As of a few years ago fans can rent "party shacks" which are located right outside the parking lot to up their tailgating game. 

Fans go all out, some even dying their hair teal or with Jaguars spots. The die-hard fans are still around no matter what, and there are a lot of die-hard fans. 

This season, pulling up to TIAA Bank Stadium you will see a lot of people with mustaches and Gardner Minshew jerseys after their backup quarterback turned starter has become a breakout star. Even the babies have mustache binkies. Be prepared to see everyone from toddlers to adults dressed up as the team's QB this Halloween. "Minshew Mania" is a very real thing.

Inside the stadium 

The stadium is truly like none other and is geared towards the fan experience. Want to sit on a spa cabana or a pool while you watch the team? They can give you that. The true Florida experience. They also have on-field seating that fans get to by going under the stadium and out onto the field, which you won't find at many other places. 

If you dare, you can order one of the teal hamburger buns offered inside the stadium. Teal is a very big deal over there. 

The scoreboard in the stadium is so big you can see it from the bridges that go downtown. Their mascot, Jaxon Deville scales down the stadium ahead of the games, just in case the fans needed any more entertainment. 

You probably won't find someone who is a Jags fan "just because"; the fandom is something that connects the people to their city and is a family tradition for so many. As one fan put it, "It's not easy to be a Jags fan, so you really have to want to be."

On Mondays, the players continue their connection with the fans with a meet and greet for the people of the city. 


The Tennessee Titans are a team from another city, and Nashville has embraced them as their own and have been cheering them on for the past two decades.

Located in downtown Nashville, Nissan Stadium offers a unique city experience. The convenient location allows fans to enjoy the city's music scene, great food and football all in one area.
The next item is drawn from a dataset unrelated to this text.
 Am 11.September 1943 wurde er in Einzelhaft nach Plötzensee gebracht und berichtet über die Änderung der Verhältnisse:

Tailgating can be done at the bars because of how close the stadium is to everything. 

Heading into the game you walk over the pedestrian bridge in a sea of blue and get a beautiful view of the stadium.
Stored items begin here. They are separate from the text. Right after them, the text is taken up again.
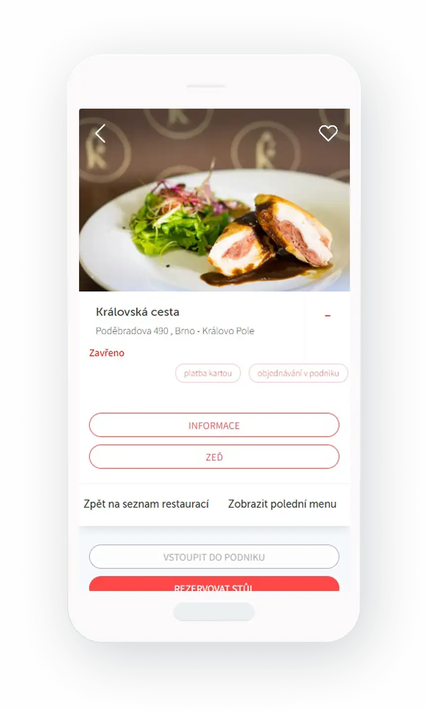 Vstoupit do portálu Já, Číšník. Po přihlášení si vyberte restauraci pro objednání v podniku nebo rozvozu.
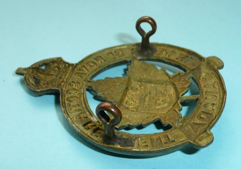 A gilding metal die struck example with two original loops to the reverse. Circa 48mm tall it is cap badge size but smaller than the example shown in Cox. Could be a collar badge, happy to be corrected.
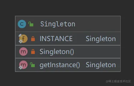 INSTANCE,保证只有一个实例对象; - 一个私有的构造器

Nashville is a stereotypically relaxed city and the fans take pride in being one of the friendliest towards opposing fan bases. 

Most games are at 12 p.m. so many fans enjoy a breakfast or brunch style tailgate. Sausage balls with white gravy, chicken biscuits, fried chicken and hot chicken are on many of the menus at pregame parties. 

Inside the stadium

Fans show up with flaming hair wigs and dressed literally from head to toe in Titans gear. 

"Titan Up" is something fans say when they end a sentence, a conversation or just to get their team rallied. What began as a 4th quarter rally cry is now a mantra for the team. 

Walking around the stadium you are gifted with the beautiful view of the city. The moment you walk into the stadium it has a unique feel. 

The open feel of the first level as you enter provides a great area to hang out before the game or at halftime and grab bite to eat. The many Jack Daniels advertisements reminds you that you're in Tennessee, just in case you forgot. 

Often a country music star is present at the game to sing the National Anthem, since it is country music city after all. The music does not stop there. There is a Titan Up drum line that plays at the games and once a year the Tennessee State University band comes to perform at halftime, putting on an incredibly impressive show.

The team runs out onto the field with fog and flames to welcome them to the stadium and that spectacle makes it impossible for fans not to get excited about the game, even though that's gone on a short hiatus.  

After a first down the fans yell out a loud, "Awhoo, Awhoo" to celebrate.